Her name sounds like something out of Neal Stepehnson’s Baroque Cycle.

9thDistrictNeighbor | November 3, 2013 at 10:26 pm

I have difficulty imagining the level of maturity and strength of character an 18-year-old student would require at Brown (or, it seems, most any college or university) to resist being absolutely drawn into the abyss.

Thanksgiving is coming, with those tense and awkward dinner conversations with the freshmen returning home as newly minted leftists. Some parents will be proud; some will be mortified.

Brown’s Cogut Center for the Humanities keeps popping up whenever anti-Semitic and anti-Israel sentiments appear at the school. I’ve asked in the past who, exactly, is funding this center, but can never get a straight response from the University. I suspect Saudi (or similar) money is flowing in from somewhere, carefully laundered.

As a Brown grad I’ve written them several times about this and other openly anti-Semitic activities on campus, but since I’m not a major donor (no gym with my name on it), I never get more than a token response about academic diversity. I don’t send them any money, and haven’t for years. I used to think I would be proud to send my son there, but now I know he can do much better elsewhere.

CarsInDepth.com | November 3, 2013 at 11:01 pm

Boy, her Jewish ex boyfriend sure as hell dodged a bullet.

BTW, if Arabs are brown, can Jews, the genetic cousins of Arabs, at least be beige? The Germans sure thought we were dark, swarthy and oversexed.

Palestinians are “brown people”?

I think Brown U. needs to change its name. It’s offensive to Brown People.

Sounds like she learned all her history from Hamas. Not much of a scholar.

She is plain and simply nuts. Worse yet, because she is post-doc, she will likely one day wind up teaching her ahistorical insanity to young empty heads.

“Politics take precedence over penis.”

Hearing this, the wealthy Marxist eunuch felt a sudden, well, endowment coming on.

If the Israelis can intermarry quicker with the Ethiopian Jews they will no longer be white and off the radar of the leftist enforcers.

    Juba Doobai! in reply to SunsetPaddy. | November 4, 2013 at 6:59 am

    They’d still be Israeli Jews, and unless they off themselves Quiquivit won’t be happy.

    There is a very heavy intermarriage rate (just going anectodally) between Jews from Europe and Jews from the Middle East. Of course, not all Mideasterners are particularly dark. One place that European Jews in Israel still predominate is in the Leftist power centers who unfortunately control so much of the country.

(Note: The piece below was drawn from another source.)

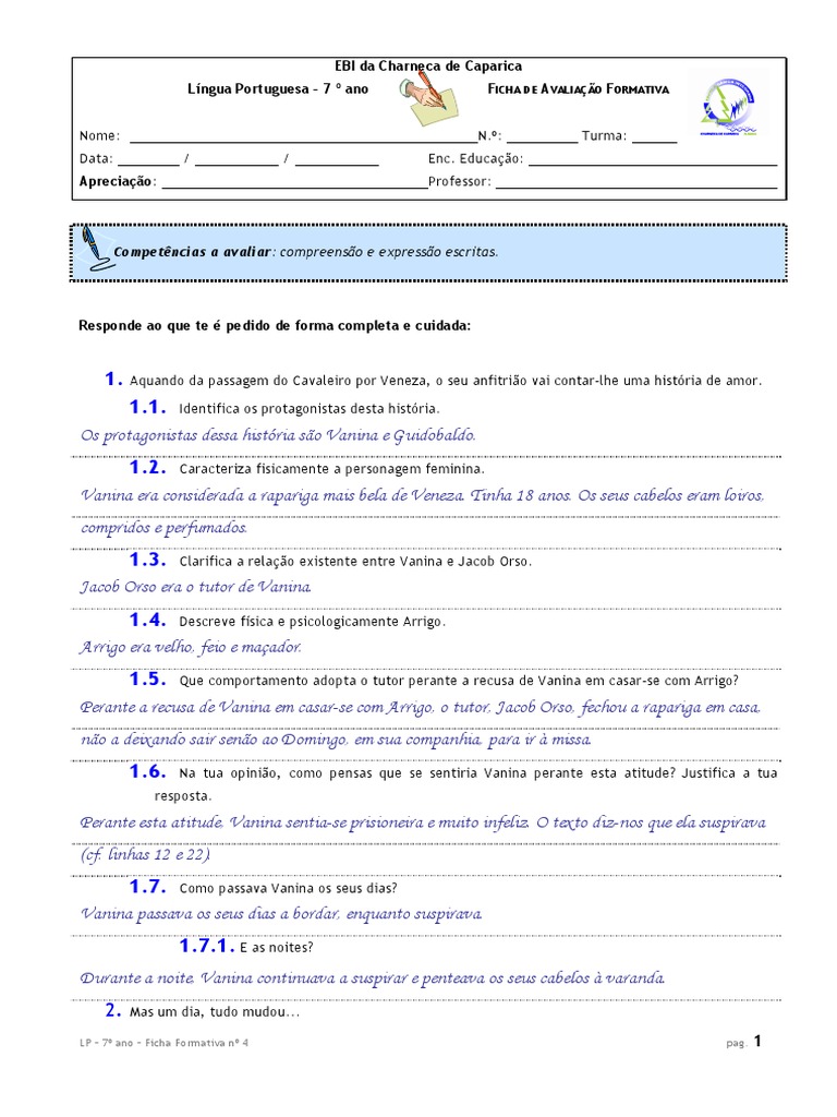 LP 7 ano Ficha Formativa n 4 pag. 1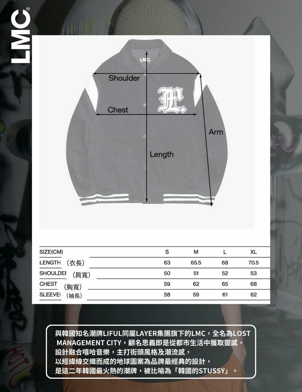 與韓國知名潮牌LIFUL同屬LAYER集團旗下的LMC,全名為LOST MANAGEMENT CITY,顧名思義即是從都市生活中獲取靈感,設計融合嘻哈音樂,主打街頭風格及潮流感,以經緯線交織而成的地球圖案為品牌最經典的設計,是這二年韓國最火熱的潮牌,被比喻為「韓國的STUSSY」。

Her politics are all about exclusion and not embracing the ‘other’. She is a self-described hater and promoter of rancor and division. She does not seek or even provide peaceful resolutions or common ground solutions. She is agent of social devastation – destroy one group to promote another group – and very Stalin-like.

Her hatred of Israel is the same current that flows in the human heart that rejects God and those who represent Him – Jews and Christians.

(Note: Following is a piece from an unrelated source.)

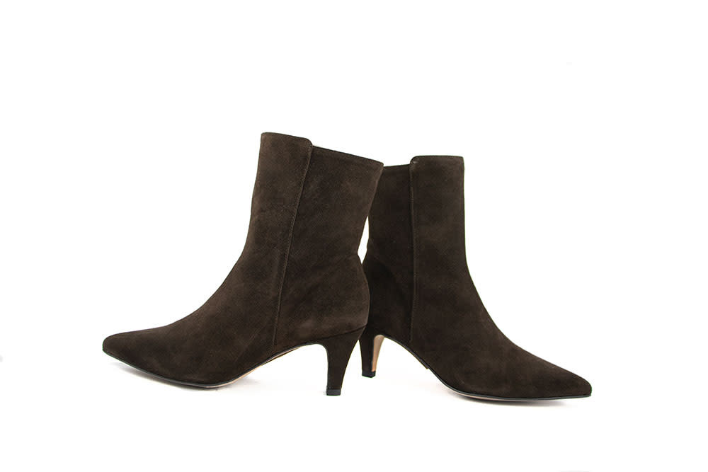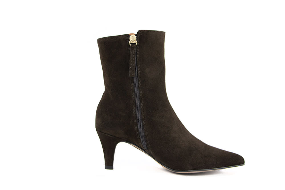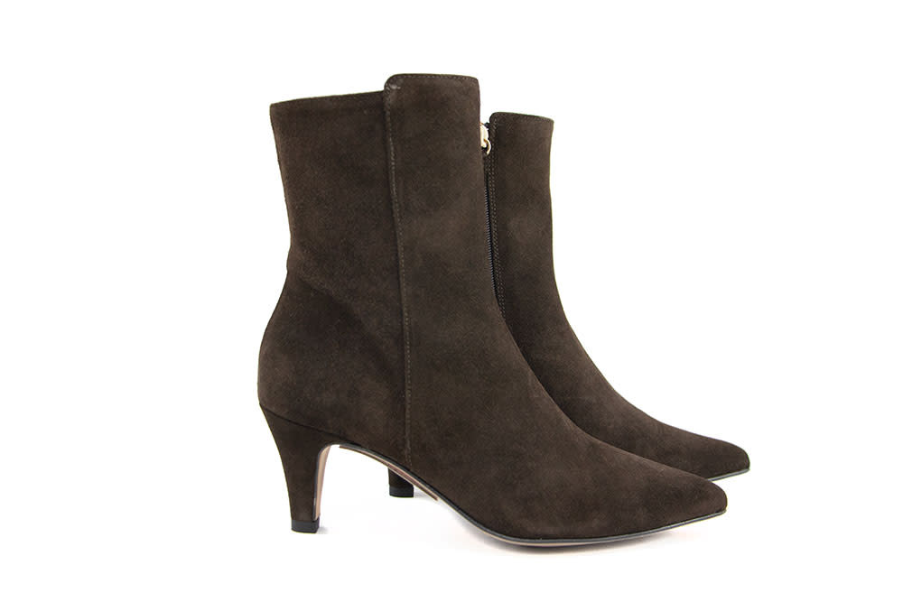 Deze stijlvolle enkellaarsjes van Ángel Alarcón stralen pure elegantie uit. Het chocoladebruine suède voelt zacht aan en oogt luxueus, terwijl de spitse neus het geheel een verfijnde en vrouwelijke uitstraling geeft. Het model valt subtiel tot net onder de enkel en wordt gecompleteerd door een slanke hak van 6,5 cm, perfect voor een elegante houding zonder in te leveren op comfort.

The ‘intelligentsia’ of the Left is both myopic and self-aggrandizing as Quiquivix’s column reveals clearly. The Left desperately needs ‘reality-based’ diversity training that includes truth from outside themselves and their tight, tiny circle of…co-conspirators.

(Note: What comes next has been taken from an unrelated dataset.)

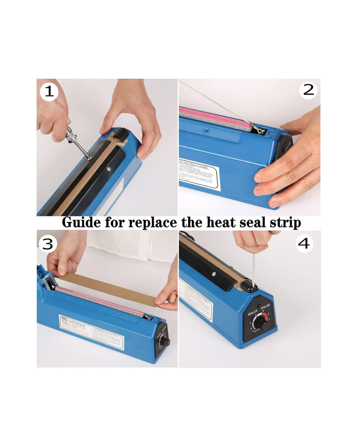 Sella rápidamente diferentes tipos de envases y bolsas de plástico. El sellador térmico funde una capa de plástico en otra, creando un fuerte sello permanente que solo se puede romper cortando o desgarrando. Hace que sellar bolsas de plástico sea un proceso rápido y fácil. El kit incluye banda calefactora removible de repuesto.

Quiquivix, you should seek peace and pursue that. And keep your legs crossed.

http://www.bdsmovement.net

I had a bds movement this morning myself.

As I read Miss. Q’s little piece I was thinking, “She can always blame all that racist hatred on being young and stupid at the time.”

But it seems that as the “young” fades away, the “stupid” only grows and grows.

Watching the video and seeing all this mush for brains stand up at once, raise their right arms, and screech their socialist talking points, it reminded me of the Brown Shirts in Germany, Sig Heiling The Fuhrer or shouting down his opponents. Too bad nobody there had the cajones to stand up and call them the good little goose steppers that they are. Acting in the finest tradition of the National Socialist Party.